Hunting the Heffalump
There are many definitions of entrepreneurship. However, despite a substantial investment by academics over several decades the concept of what is or is not an entrepreneur remains elusive.
In an article published in 1971, Peter Kilby from Wesleyan University, likened the process of trying to identify an entrepreneur to A.A. Milne’s notion of “Hunting the Heffalump” in the classic tale of “Winnie the Pooh”. This related to the existence of an enormous mythical creature that had never been directly observed, but which various hunters had claimed to have caught.

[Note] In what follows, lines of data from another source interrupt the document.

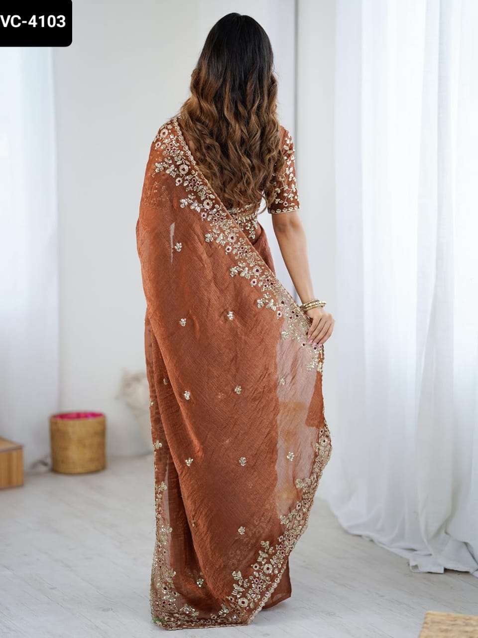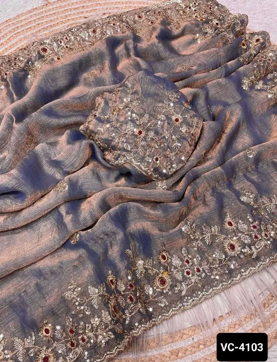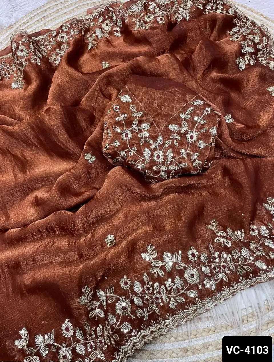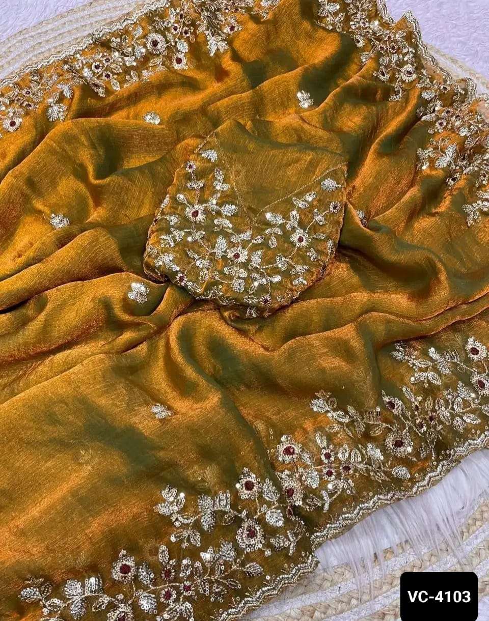 SAREES :Heavy soft fandy chiffon silk fabric with c- pallu zari and sequence work cut work border on sarees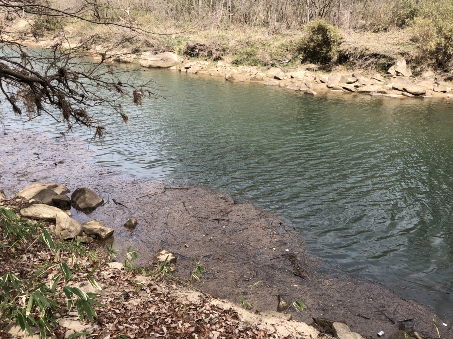 思ったよりも水温が低く、西北西の冷たい風が下流から上流へ。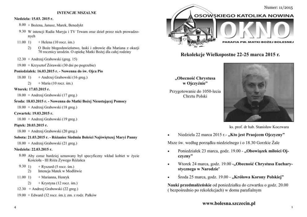 Numer: 11/2015 INTENCJE MSZALNE Niedziela: 15.03. 2015 r. 8.00 + Bożena, Janusz, Marek, Benedykt 9.30 W intencji Radia Maryja i TV Trwam oraz dzieł przez nich prowadzonych 11.00 1) 2) + Helena (10 rocz. śm.) O Boże błogosławieństwo, łaski i zdrowie dla Mariana z okazji 70 rocznicy urodzin. O opiekę Matki Bożej dla całej rodziny Rekolekcje Wielkopostne 22-25 marca 2015 r. 12.30 + Andrzej Grabowski (greg. 15) 19.00 + Krzysztof Żórawski (30 dni po pogrzebie) Poniedziałek: 16.03.2015 r. - Nowenna do św. Ojca Pio 18.00 1) 2) + Andrzej Grabowski (16 greg.) „Obecność Chrystusa w Ojczyźnie” + Maria (10 rocz. śm.) Wtorek: 17.03.2015 r. Przygotowanie do 1050-lecia Chrztu Polski 18.00 + Andrzej Grabowski (17 greg.) Środa: 18.03.2015 r. - Nowenna do Matki Bożej Nieustającej Pomocy 18.00 + Andrzej Grabowski (18 greg.) Czwartek: 19.03.2015 r. 18.00 + Andrzej Grabowski (19 greg.) Piątek: 20.03.2015 r. 18.00 + Andrzej Grabowski (20 greg.) Sobota: 21.03.2015 r. - Różaniec Siedmiu Boleści Najświętszej Maryi Panny 18.00 + Andrzej Grabowski (21 greg.) Niedziela: 22.03.2015 r. 11.00 1) 2) Niedziela 22 marca 2015 r.- „Kto jest Praojcem Ojczyzny” Msze św. według porządku niedzielnego i o 18.30 Gorzkie Żale Poniedziałek 23 marca, godz. 19.00 - „Obowiązek miłości Ojczyzny” Wtorek 24 marca, godz. 19.00 -„Obecność Chrystusa Eucharystycznego w Narodzie’ + Marianna, Henryk Środa 25 marca, godz. 19.00 - „Królowa Korony Polskiej” + Krystyna (12 rocz. śm.) Nauki przedmałżeńskie od poniedziałku do czwartku o godz. 20.00 ( bezpośrednio po rekolekcjach) w domu parafialnym 8.00 Aby coraz bardziej uznawany był specyficzny wkład kobiet w życie Kościoła - III Róża Żywego Różańca 9.30 1) 2) ks. prof. dr hab. Stanisław Koczwara + Ryszard (5 rocz. śm.) Intencja Matek w Modlitwie 12.30 + Andrzej Grabowski (22 greg.) 19.00 + Edward (32 rocz. śm.); zm. z rodz. Pałków 4 www.bolesna.szczecin.pl 1 Liturgia słowa – IV niedziela Wielkiego Postu I czytanie (2 Krn 36,14-16.19-23) Wszyscy naczelnicy Judy, kapłani i lud, mnożyli nieprawości, naśladując wszelkie obrzydliwości narodów pogańskich i bezczeszcząc świątynię, którą Pan poświęcił w Jerozolimie. Pan, Bóg ich ojców, bez wytchnienia wysłał do nich swoich posłańców, albowiem litował się nad swym ludem i nad swym mieszkaniem. Oni jednak szydzili z Bożych wysłanników, lekceważyli ich słowa i wyśmiewali się z Jego proroków, aż wzmógł się gniew Pana na swój naród do tego stopnia, iż nie było już ocalenia. Spalili też Chaldejczycy świątynię Bożą i zburzyli mury Jerozolimy, wszystkie jej pałace spalili ogniem i wzięli się do niszczenia wszystkich kosztownych sprzętów. Ocalałą spod miecza resztę król uprowadził do Babilonu i stali się niewolnikami jego i jego synów, aż do nadejścia panowania perskiego. I tak się spełniło słowo Pańskie, wypowiedziane przez usta Jeremiasza: Dokąd kraj nie wywiąże się ze swych szabatów, będzie leżał odłogiem przez cały czas swego zniszczenia, to jest przez siedemdziesiąt lat. Aby się spełniło słowo Pańskie, z ust Jeremiasza, pobudził Pan ducha Cyrusa, króla perskiego, w pierwszym roku jego panowania, tak iż obwieścił on również na piśmie w całym państwie swoim, co następuje: Tak mówi Cyrus, król perski: Wszystkie państwa ziemi dał mi Pan, Bóg niebios. I On mi rozkazał zbudować Mu dom w Jerozolimie, w Judzie. Jeśli z całego ludu Jego jest między wami jeszcze ktoś, to niech Bóg jego będzie z nim, a niech idzie! II czytanie (Ef 2,4-10) Bóg, będąc bogaty w miłosierdzie, przez wielką swą miłość, jaką nas umiłował, i to nas, umarłych na skutek występków, razem z Chrystusem przywrócił do życia. Łaską bowiem jesteście zbawieni. Razem też wskrzesił i razem posadził na wyżynach niebieskich - w Chrystusie Jezusie, aby w nadchodzących wiekach przemożne bogactwo Jego łaski wykazać na przykładzie dobroci względem nas, w Chrystusie Jezusie. Łaską bowiem jesteście zbawieni przez wiarę. A to pochodzi nie od was, lecz jest darem Boga: nie z uczynków, aby się nikt nie chlubił. Jesteśmy bowiem Jego dziełem, stworzeni w Chrystusie Jezusie dla dobrych czynów, które Bóg z góry przygotował, abyśmy je pełnili. Ewangelia (J 3,14-21) A jak Mojżesz wywyższył węża na pustyni, tak potrzeba, by wywyższono Syna Człowieczego, aby każdy, kto w Niego wierzy, miał życie wieczne. Tak bowiem Bóg umiłował świat, że Syna swego Jednorodzonego dał, aby każdy, kto w Niego wierzy, nie zginął, ale miał życie wieczne. Albowiem Bóg nie posłał swego Syna na świat po to, aby świat potępił, ale po to, by świat został przez Niego zbawiony. Kto wierzy w Niego, nie podlega potępieniu; a kto nie wierzy, już został potępiony, bo nie uwierzył w imię Jednorodzonego Syna Bożego. A sąd polega na tym, że światło przyszło na świat, lecz ludzie bardziej umiłowali ciemność aniżeli światło: bo złe były ich uczynki. Każdy bowiem, kto się dopuszcza nieprawości, nienawidzi światła i nie zbliża się do światła, aby nie potępiono jego uczynków. Kto spełnia wymagania prawdy, zbliża się do światła, aby się okazało, że jego uczynki są dokonane w Bogu. 2 Ogłoszenia duszpasterskie - 15.03.2015 r. 1. Zapraszamy na nabożeństwa w naszym kościele: Nabożeństwo do świętego Ojca Pio w poniedziałek przed Mszą św. wieczorną; Nowenna do Matki Bożej Nieustającej Pomocy w środę przed Mszą św. wieczorną; Droga Krzyżowa w piątki Wielkiego Postu o godz. 1730 dla dzieci oraz o 1830 dla dorosłych i młodzieży; Różaniec Siedmiu Boleści Najświętszej Maryi Panny w sobotę po Mszy św. wieczornej; Gorzkie Żale z kazaniem pasyjnym we wszystkie niedziele Wielkiego Postu o godz. 1830. 2. Spotkania formacyjne w domu parafialnym: Dzieci przygotowujące się do I Komunii świętej w poniedziałek 16 mara o godz. 1830; koło plas

Writing again in 2003 in an article in the Journal of International Entrepreneurship, Kilby revisited his earlier work, noting that despite the passage of over 30 years entrepreneurial activity could still not be readily quantified, only inferred from its consequences. As he commented:
“…investigators improvise proxies drawn from their discipline, assert that the motivating appetite is the maximand of that discipline and then claim to a somewhat sceptical audience that they have captured the determinants of entrepreneurial performance” (Kilby 2003, p. 14).
In a paper published earlier this year in the Entrepreneurship Research Journal, Peter Rosa from the University of Edinburgh observed that:
“The entrepreneurship field since the 1970s has been eclectic and fragmented. The most basic challenge, how to achieve a consensus in defining entrepreneurship, has eluded and still eludes the field. There is no single theory of entrepreneurship, but many competing theories borrowed from economics, psychology and sociology. Nor is entrepreneurship as a subject confined to business schools, but is increasingly taught and researched in other subjects such as education, sociology and social policy, economic development, economics and social psychology” (Rosa 2013, p. 37).
In essence what Kilby and Rosa are highlighting is the dilemma facing academics who seek to study the domain of entrepreneurship. However, this poses even greater problems for government agencies and the business community who look to entrepreneurship as a solution to economic downturns.
The field of entrepreneurship has certainly evolved over the past 30 years, but it remains a work in progress and far too much misunderstanding and misguided hype exists around the issue of what it is and what it might offer the world.
Not enough focus on policy and practice
For Rosa the contribution of academic research to the shaping of policy and practice in entrepreneurship has declined in recent years. In his article he overviews the evolution of how entrepreneurship research has evolved in relation to public policy.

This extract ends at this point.